In young stands, the crowns of the old ribes that are still alive may produce sprouts that grow rapidly. Double burns and severe single burns destroy the seed and crowns, and create ribes-free conditions except in wet and rocky places where they may survive the fire. The production and longevity of ribes seed, disturbances of the forest floor, shade, plant competition, and fire are factors in ribes suppression that receive careful consideration in planning control operations and forest-management practices.

SPORES, the reproductive bodies of fungi, serve the same purpose for fungi that seeds do for ordinary crop plants. The blister rust spores are minute, dustlike particles that are easily carried by the wind. One kind of spore, produced in the diseased bark of white pines in the spring, cannot infect pines; they infect only ribes.

On ribes leaves, two kinds of spores are produced, an early- and a late-summer form. The early form can infect ribes leaves but not white pines. It is a repeating form, producing several generations in a season and causing local disease intensification on ribes. The late form infects white pine needles but not ribes. The fungus grows in the needles until it reaches the bark. There it causes spindle-shaped diseased areas called cankers. From 2 to 5 years after infection of the needles, spores begin to develop in the diseased bark. Thereafter each spring a new crop of spores is produced; they infect ribes and again start the life cycle of the fungus.

Blister rust may reach new localities by shipment and planting of infected white pine or ribes and by wind-borne spores from infected pines. Distance is not a limiting factor in the spread of the disease by shipment of infected host plants. Investigations in western North America showed that the disease was spread by wind-borne spores from infected pines to ribes over distances of several hundred miles. From infected ribes to the pines, however, the spread usually does not exceed 900 feet. Under especially favorable weather and topographic conditions, the spread sometimes extends for a mile or more. The amount of pine infection rapidly lessens as the distance from diseased ribes increases.

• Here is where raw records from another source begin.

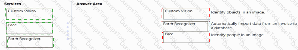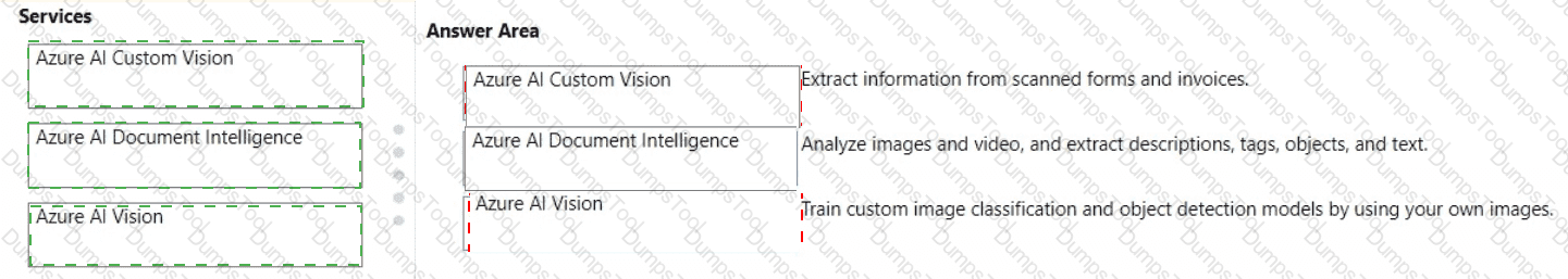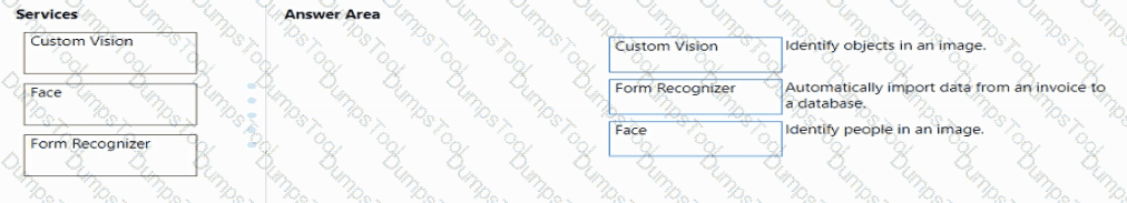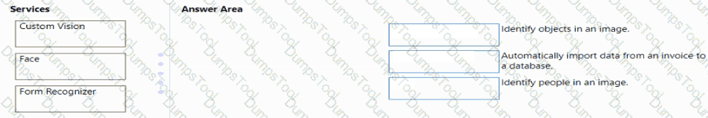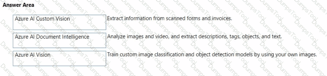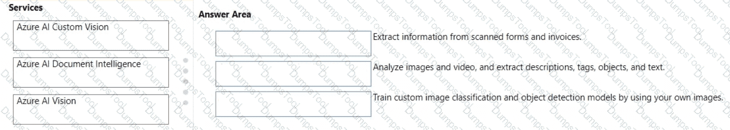 Extract data from medical admission forms for import into a patient tracking database → Azure AI Document IntelligenceFormerly known as Form Recognizer, this service belongs to the Azure AI Document Intelligence workload. It extracts key-value pairs, tables, and textual information from structured and semi-structured documents such as forms, invoices, and admission sheets. For medical forms, Document Intelligence can identify fields like patient name, admission date, and diagnosis and export them into structured formats for database import.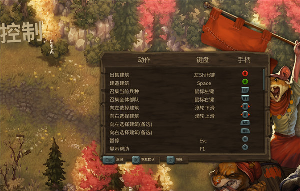 5、点击操作选项,我们可以看到游戏的操作控制键,游戏自身的默认键和手柄按键是非常合理的,如果玩家觉得不太适应有些按键配置,可以在自定义中对其进行修改,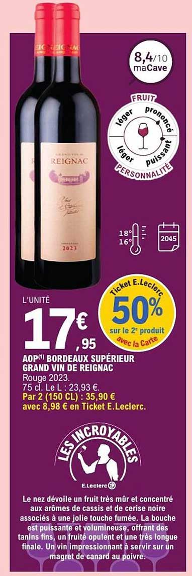 Découvrez dès maintenant la offre AOP Bordeaux Supérieur Grand Vin de Reignac Rouge 2023 dans le catalogue de E.Leclerc Express. Cette offre est valable du 30/09/2025 au 11/10/2025.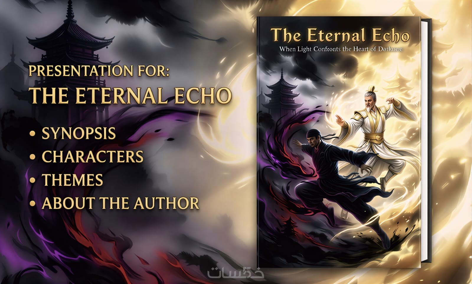 الوصف: سأقدم لك نموذجاً ثلاثي الأبعاد لغلافك لتستخدمه في الترويج لعملك عبر منصات التواصل الاجتماعي.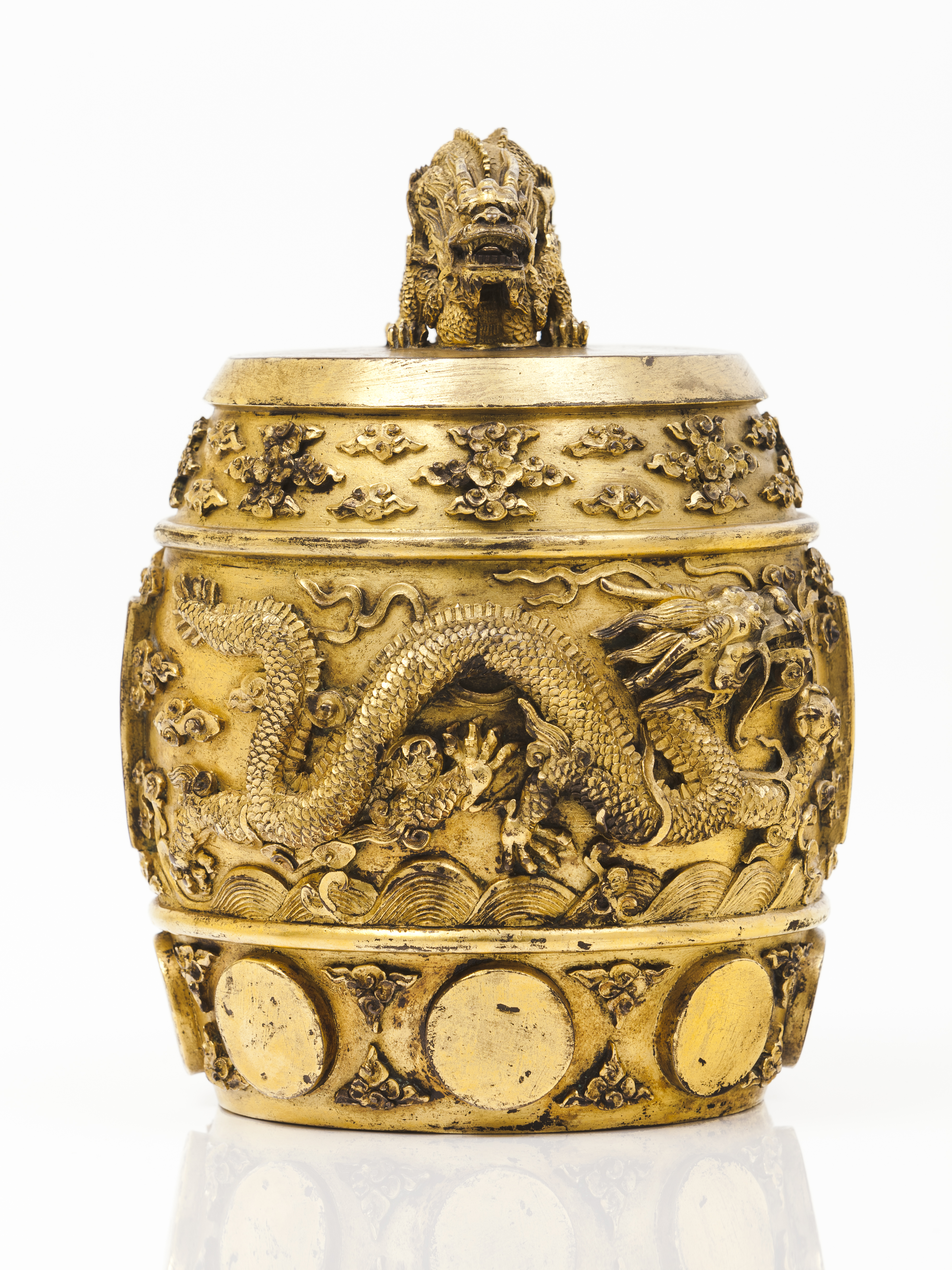 Upper band decorated with frieze of stylised clouds and lower band with clouds and eight medallions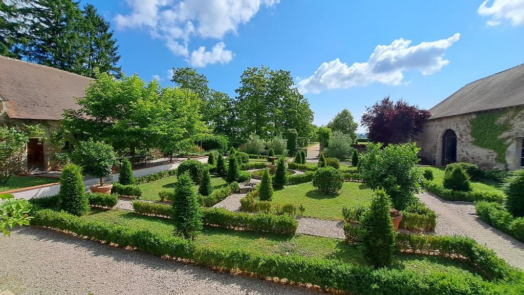 Dans la cour d’honneur, un jardin à la française a été créé en 2020, composé de buis et d’ifs. Une fontaine avec bassin en pierre trône au centre. Deux puits, avec de l’eau, sont présents.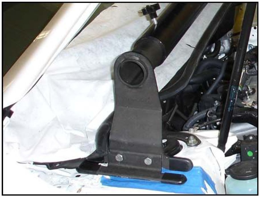 * To prevent dents in the strut tower panel, please assure that the main bar legs with 90 degree brackets are installed.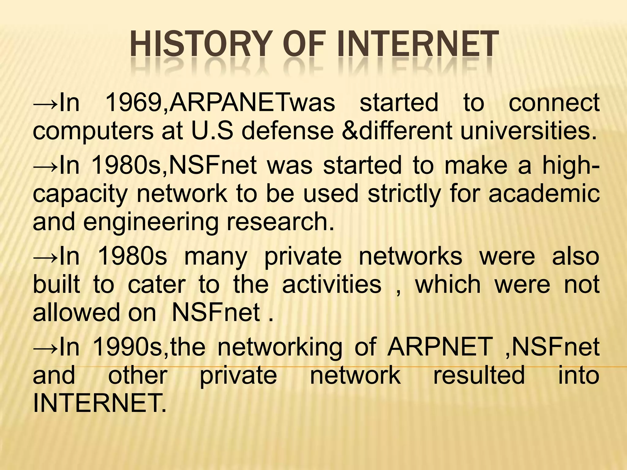 - The Internet began in 1969 as ARPANET to connect computers at universities and the defense department. NSFNET further expanded connectivity in the 1980s mainly for research.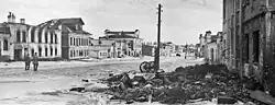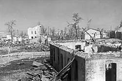 The official Soviet report published on 7 April 1943 showed the effects of the German scorched earth policy. In Viazma, out of 5,500 buildings, only 51 small houses were still standing; at Gzhatsk, 300 out of 1,600; in Rzhev, 500 out of 5,400. 15,000 people were deported from the three towns alone. The rural areas suffered equally; in the Sychevka area, for example, 137 villages out of 248 had been burned down. British war correspondent Alexander Werth visited the area soon after the liberation and saw for himself the results of Model's orders. The report listed Model at the top of the list of the war criminals responsible for the "deliberate extermination policy" and noted that most of the killings of civilians were carried out by regular Wehrmacht units, not just the Gestapo or the SD.[4]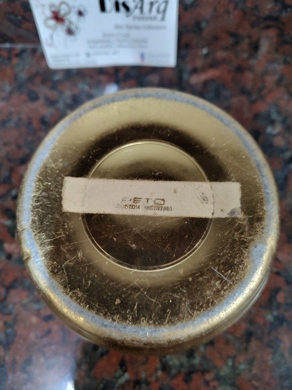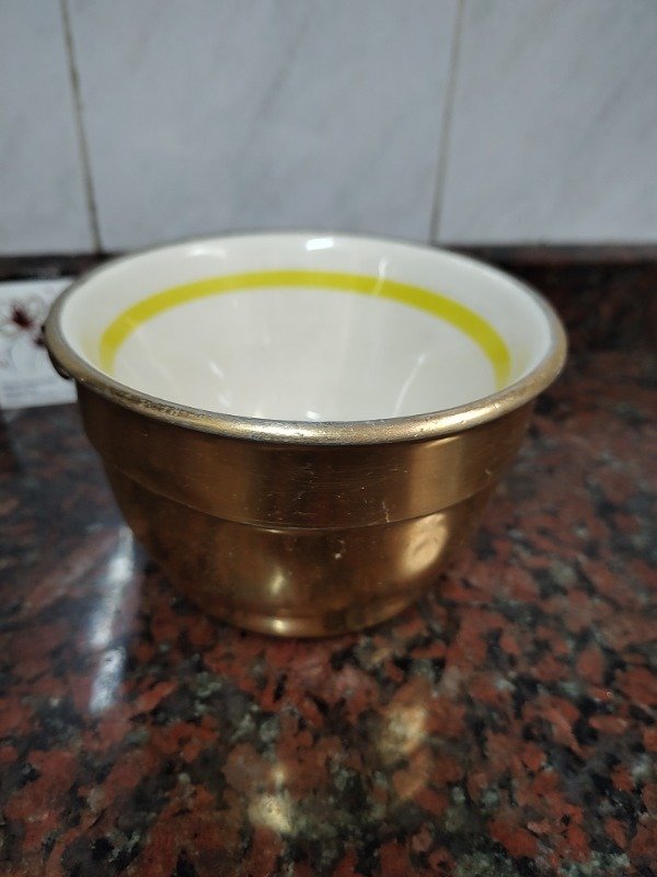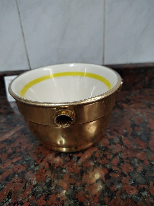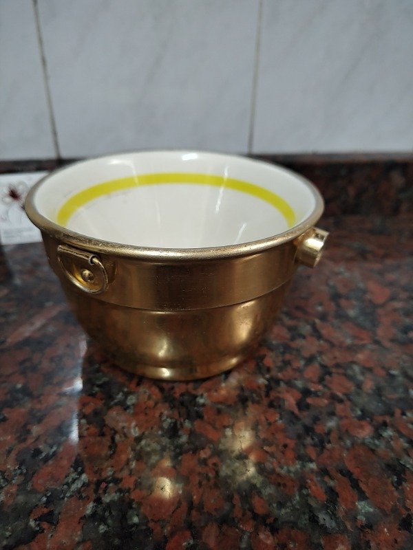 Antiguo plato hondo o cuenco de aluminio y loza donde se carga agua caliente para mantener la comida a temperatura. Muy buen estado. Falta tapón. 12,5cm de diámetro y 8 cm de alto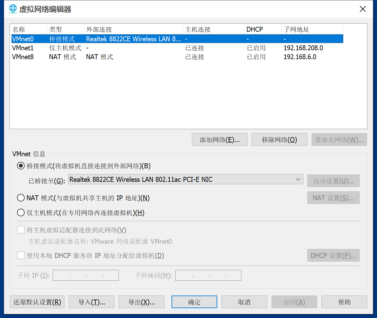 VMnet0 设置为自己的无线网卡 (虚拟机的虚拟网卡都是通过VMnet0和主机网卡进行连接的)

The different native white pines are highly susceptible, although there is some evidence of resistant trees among species. Native ribes species vary widely in their reaction to the rust. Some are highly susceptible, while others seldom take the disease. That fact, however, has had no significant effect on the spread or control of the disease, because susceptible ribes species are well distributed throughout the range of the white pines.

In new localities the disease follows a definite course. It starts as a single infection or several scattered infections on ribes and is transmitted to nearby white pine. Two to five years later the diseased pine produces spores that infect nearby ribes. In turn, the local pine infection increases. Alter this situation has developed in several spots, a favorable rust year causes abundant and widespread infection on the ribes and pines, and many pines die.

The white pines would be doomed within a few years were it not that the rate of spread of the fungus depends on the simultaneous occurrence of several factors: Widespread infection on ribes, abundant production of pine-infecting spores, and a favorable combination of temperature and moisture conditions. The integration of such conditions over extensive areas fortunately are infrequent, and new infection of pine is light in most years. Only in an occasional year is it so general as to cause widespread damage.